Cette royauté n'est pas seulement une distinction honorable: le Christ partage son autorité avec Elle qui dans ses souffrances ici-bas a également participé à embrasser la mort. Le Christ reste la seule source de grâces mais Jésus a voulu que toutes les grâces qui nous sont attribuées passent par les mains de Marie. A Beauraing, la Vierge et Médiatrice déclare que même la grâce principale pour nous, celle de la conversion de nos cœurs, lui a été confiée. « Je convertirai les pécheurs », dit-elle.

Ainsi, l'élection spéciale de Marie, sa maternité, sa gloire et son intercession universelle et ininterrompue envers nous, se résument dans le Message de Beauraing. La révélation de son Cœur Immaculé est alors ajoutée comme un couronnement éloquent.

Enfin, le Message de Beauraing rappelle aux âmes la nécessité d'une plus grande fidélité à leurs obligations religieuses.

« Aimez-vous mon Fils ? M’aimez-vous ? » demanda la Madone de Beauraing.

L'amour qu'elle demande s'exprime dans la prière et l'amour sacrificiel: « Priez beaucoup ... Priez toujours. Sacrifiez-vous pour moi ».

Nous devons donc être fidèles à notre prière quotidienne et pas seulement prier dans les moments de peur, de danger, de maladie et d’adversité.

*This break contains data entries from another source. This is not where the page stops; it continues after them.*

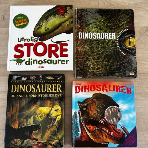 En av bøkene er bildeboken «Store dinosaurer og noen små» med store illustrasjoner og utbrettssider. De andre bøkene er faktabøker med tegninger, korte tekster og oversiktlige kapitler tilpasset barn.
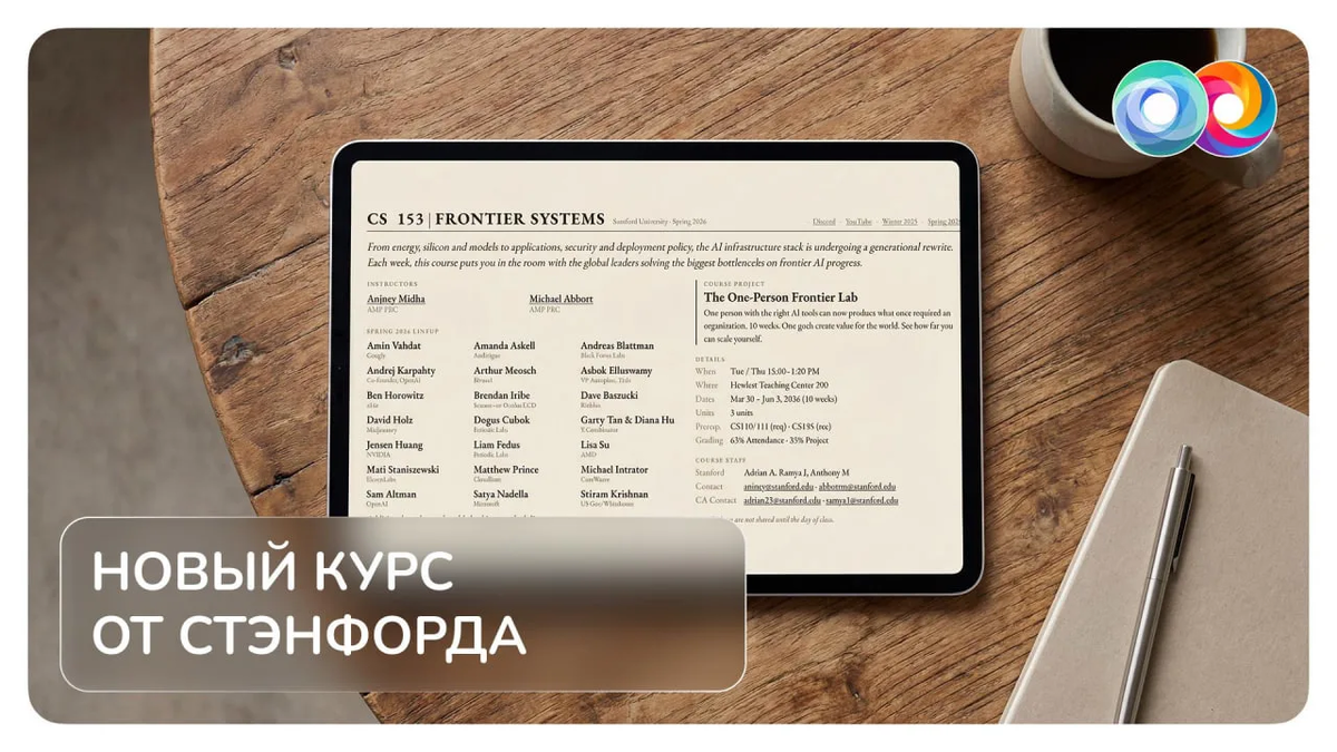 Стэнфорд запустил курс, где лекции читают топ-менеджеры ведущих ИИ-компаний. Вместо скучной теории — реальный опыт главных людей в мире нейросетей. За 10 недель можно послушать сооснователя OpenAI Андрея Карпаты, CEO OpenAI Сэма Альтмана, CEO NVIDIA Дженсена Хуанга, CEO Microsoft Сатью Наделлу и других лидеров индустрии.
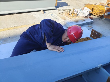 為了確保工程質(zhì)量,構(gòu)件拼裝前,徐州市檢驗(yàn)檢測中心須對所有零部件及焊縫質(zhì)量進(jìn)行逐一檢驗(yàn)檢測,檢驗(yàn)檢測合格后方可拼裝。時(shí)間緊、任務(wù)重,為了高效完成檢驗(yàn)檢測任務(wù),該中心技術(shù)團(tuán)隊(duì)“兵分兩路”,“一路”在實(shí)驗(yàn)室有條不紊、緊張有序地開展原材料及產(chǎn)品檢驗(yàn)檢測,“另一路”則對焊縫質(zhì)量實(shí)行24小時(shí)“駐廠檢測”,不分晝夜,隨時(shí)隨地滿足檢驗(yàn)檢測需求。
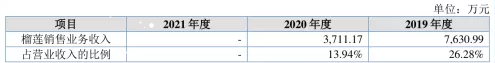 根據(jù)資料,2019年,田野股份榴蓮銷售業(yè)務(wù)收入7630.99萬元,占營業(yè)收入比例為26.28%,2020年榴蓮銷售業(yè)務(wù)收入減半,僅占營業(yè)收入的13.94%,而到了2021年,已無榴蓮銷售業(yè)務(wù)收入。
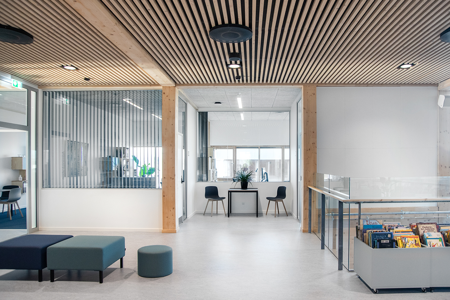 L'école d’Erlev est une école innovante avec une architecture durable fabriquée en bois. L'école a été développée comme un univers d'apprentissage avec des environnements d'éducation flexibles, fonctionnels et ouverts, qui sont équipés pour utiliser les méthodes d'enseignement du futur. L'architecture du bâtiment, la décoration intérieure et le choix des matériaux permettent le travail pédagogique et l'apprentissage par l'activité.

Dieu est notre Maître et notre Père à tout moment, donc notre prière doit lui exprimer notre adoration et notre amour continuel.

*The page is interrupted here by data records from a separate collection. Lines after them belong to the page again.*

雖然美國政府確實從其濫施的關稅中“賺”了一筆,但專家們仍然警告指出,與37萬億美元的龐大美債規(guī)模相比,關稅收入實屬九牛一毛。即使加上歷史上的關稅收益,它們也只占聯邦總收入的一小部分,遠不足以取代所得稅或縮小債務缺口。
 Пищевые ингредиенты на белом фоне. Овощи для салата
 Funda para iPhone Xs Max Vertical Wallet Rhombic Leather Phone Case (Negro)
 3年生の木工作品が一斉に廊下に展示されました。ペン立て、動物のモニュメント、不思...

Nous devons accomplir la volonté de Dieu. Ceci est exprimé dans les dix commandements de Dieu, dans les commandements de la Sainte Église et dans l'accomplissement des devoirs de notre état.

A propos de l’autorité de l’Eglise, le Christ a dit: « Celui qui vous écoute m'écoute; quiconque vous méprise, me méprise ». (Luc, X, 16).

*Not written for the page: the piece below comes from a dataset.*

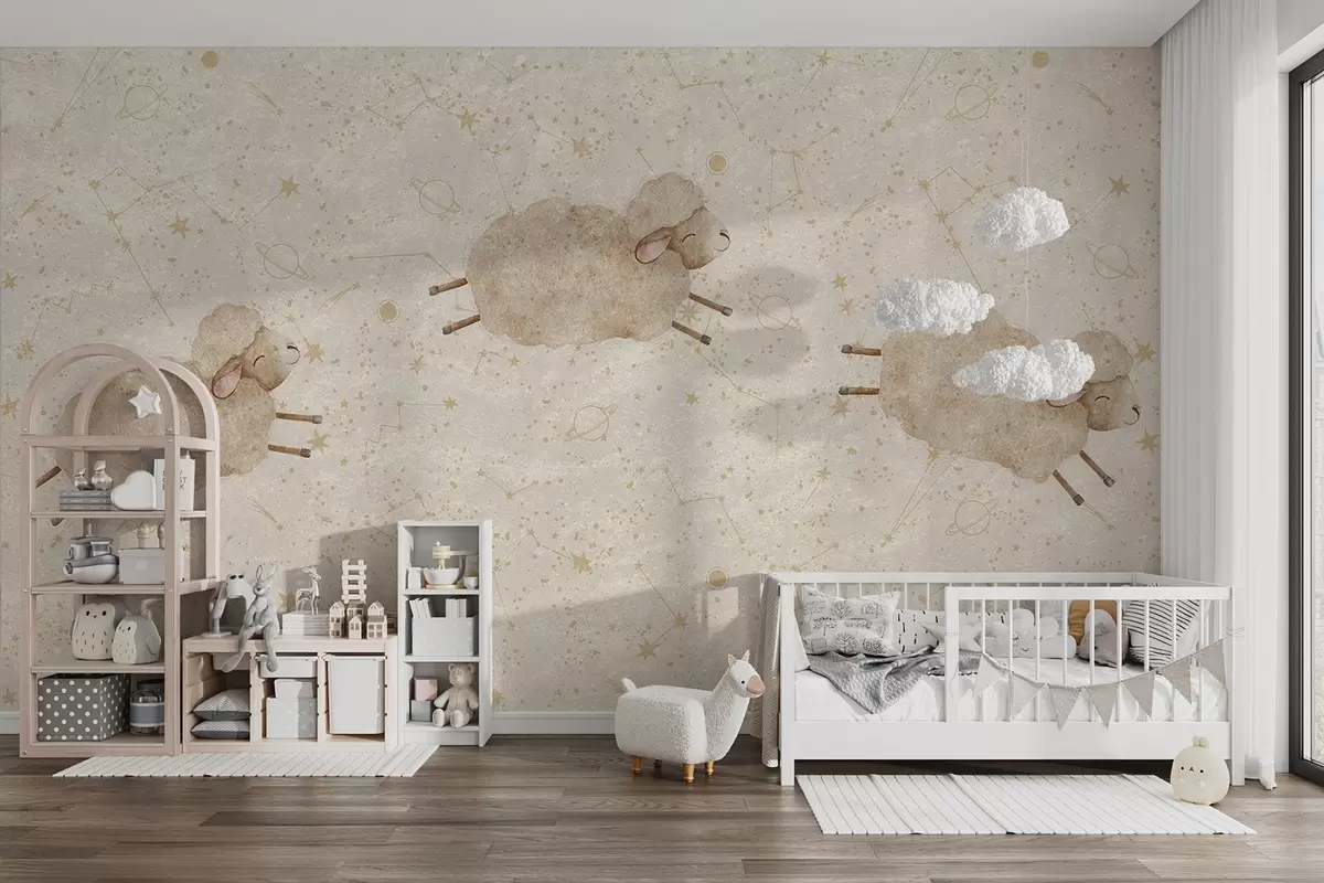 Тапете за зид Овце које скачу на звезданој позадини бр. w08930

Beaucoup utilisent Dieu et Marie; peu les servent avec une piété désintéressée et droite.

NÉCESSITÉ DU SACRIFICE

De même que la santé physique est détruite par l'excès, la santé morale de la société est dégradée par l'indulgence de soi effrénée, l'impudicité et la vexation de la mode immorale. La stature immaculée de l’apparition de Beauraing et son appel à la pénitence prêchent ici une règle de vie sévère mais saine: « Sacrifice-toi pour moi ».

L'UTILITÉ DES PÈLERINAGES

La Sainte Vierge elle-même a demandé « que les gens viennent ici en le pèlerinage ». Ces journées de prière peuvent devenir une pure expression de foi et d'amour envers la Sainte Vierge. En passant, nous remarquons le pèlerinage qui a lieu à pied tous les 2ème et 3ème dimanche du mois entre Dinant et Beauraing (20 km).

CONCLUSION

La grande leçon de Beauraing est celle d'une confiance illimitée en Marie. Elle montre encore quotidiennement son amour maternel dans les lieux qu’elle a sanctifiés par sa présence. Nombreuses sont les guérisons, réponses aux prières et conversions obtenues après l'invocation de Notre-Dame de Beauraing ou après un pèlerinage dans ce lieu de grâce. Que cette confiance en l'intercession de Marie devienne une incitation pour le lecteur de cette brochure à un culte plus ardent de Notre-Dame de Beauraing!

 

Prière à Notre-Dame de Beauraing

Notre-Dame de Beauraing, Vierge Immaculée, toujours victorieuse dans la lutte pour Dieu, convertissez les pécheurs: Vous nous l’avez promis.

Accordez-leur la puissance illimitée de Votre Cœur Immaculé; faites revenir dans l'amitié de Dieu les âmes qui marchent en dehors de la grâce de Dieu et sont en danger de se perdre à jamais.

Mère au Cœur d'Or, regardez notre misère et réconfortez-nous dans nos peines. Montrez que Vous êtes la santé des malades et la consolatrice des affligés.

Reine du Ciel avec le diadème brillant, notre foi, notre amour et notre gratitude vous proclament Reine sur nos cœurs et Princesse du monde.

Nous voulons aider à élargir Votre royaume: en nous-mêmes, par notre sacrifice, et par un exercice plus fidèle de vos vertus; autour de nous à travers plus de prières et notre apostolat.

Votre royaume peut venir, ô Reine du monde, afin que le royaume de Jésus, votre Fils et notre Seigneur, soit établi. Amen.